Tuesday, 31 July 2012

Cracks in the unionist façade?

Labour for Independence
Surely one of the more significant recent developments in Scotland's independence referendum campaign has been the rise to prominence of the Labour for Independence group founded by Allan Grogan. A measure of just how significant is the shrill vehemence of "Scottish" Labour's insistence that the group is of no significance at all. But we have to suspect that this dismissal has more to do with blinkered wishful thinking than any reasoned assessment of the potential implications of this rejection of the party line. Such dissent is the seed from which revolutions grow. And the Labour Party has historically proved to be fertile ground for a rich crop of factionalism. At least until it was struck by the devastating blight of the New Labour project.

Observers of the Scottish political scene have long been aware that support for independence crossed party lines. It must be so because such fundamental constitutional issues transcend party politics. Neither position on the question of independence is inherently incompatible with the contrasting world-views which inform the left-right political spectrum. So it should not be too surprising to find support for independence among Labour or even Conservative voters. Independence offers no necessary impediment to the pursuit of any political agenda. No core principles or values of any mainstream ideology need be abandoned in order to embrace Scotland's civic nationalism. Support for, or opposition to independence is a choice which can be made irrespective of where an individual's political compass points. It is a choice which certainly should not be constrained by mere partisan tribalism.

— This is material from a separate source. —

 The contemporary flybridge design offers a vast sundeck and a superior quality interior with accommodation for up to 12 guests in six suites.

So it has never been a question of whether there might be support for independence among Labour voters in Scotland. It is, rather, a question of the extent of that support and whether it can find a voice. Allan Grogan's efforts appear to have now provided that voice. It's still too early to tell how many will join in. But, insofar as one can judge from social media activity, the early signs are promising. Where the movement goes from here depends on a number of factors.

Labour for Independence will have to contend with the resistance of die-hard party members as well as what will surely be increasing hostility from the mainstream media. But the former has been weakened over recent years - not least by Labour's formal alliance with the Tories. And the latter is likely to be fairly muted so long as the party is reluctant to risk alienating members and supporters by outright condemnation of the "rebels".

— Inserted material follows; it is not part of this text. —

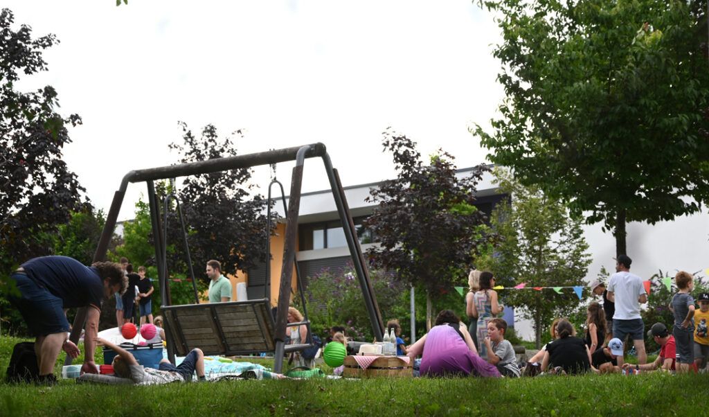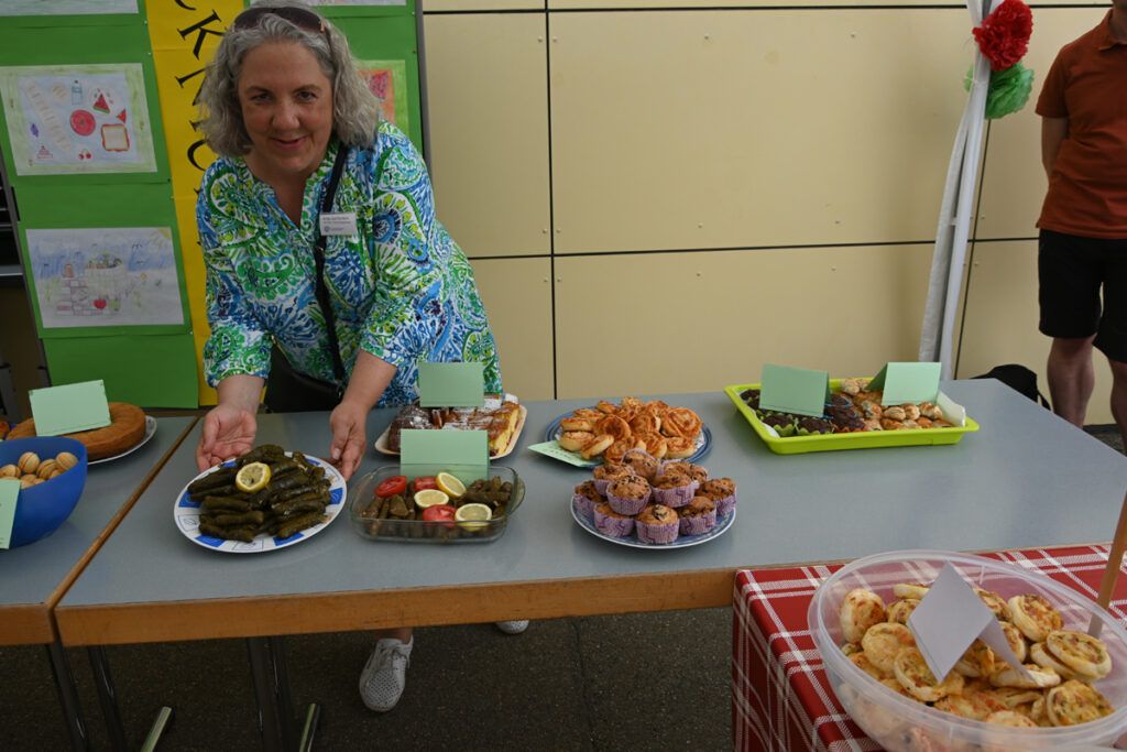 Dann ging‘s ab zum Picknick. Eltern und Schüler waren aufgefordert, einen Picknickkorb mit Leckereien zu packen. Auch wer nichts mitgebracht hatte, konnte sich an dem durch Eltern-Spenden wohlgefüllten herzhaften und süßen Büffet bedienen, sich ein hübsches Rasenplätzchen aussuchen und den wunderbaren Sommerabend ruhig und gemütlich ausklingen lassen.

In its favour, Labour for Independence will enjoy whatever support it is willing to accept from the Yes Scotland campaign. And it is precisely the kind of movement which thrives on social media.

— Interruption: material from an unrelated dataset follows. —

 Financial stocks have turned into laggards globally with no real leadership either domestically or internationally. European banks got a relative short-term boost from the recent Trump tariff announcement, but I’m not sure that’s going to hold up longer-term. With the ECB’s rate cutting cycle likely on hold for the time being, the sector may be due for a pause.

But it may be the SNP which provides Labour for Independence with its biggest boost - albeit quite inadvertently. Up to now, it has been fairly easy for all but the most mindlessly devoted Labour voters to transfer, or envisage transferring, their allegiance to the SNP as a token of their support for independence. Despite the fanatical anti-SNP ranting of the party leadership, most "ordinary" Labour voters are not seriously uncomfortable with the left-of-centre policies of the SNP. As is evidenced by last year's election result. But this relationship is tenuous at best. If the SNP is perceived as moving even slightly to the right on issues such as NATO then the relationship may break down. And if it does, those Labour supporters who were previously relaxed about using the SNP as a vehicle for their nationalist aspirations will start looking around for an alternative. Labour for Independence is the obvious choice.

There is a certain delicious irony in the fact that, as unionist newspapers such as The Scotsman seek to exaggerate the SNP's policy shifts, so they will increase the attractiveness of the Labour for Independence group. What may at present be regarded as nothing more than a small crack in the British Labour Party's unionist façade undoubtedly has the potential to become a major split.
And if only one senior figure from "Scottish" Labour lends support to the "rebels", that split could very quickly become a yawning gap.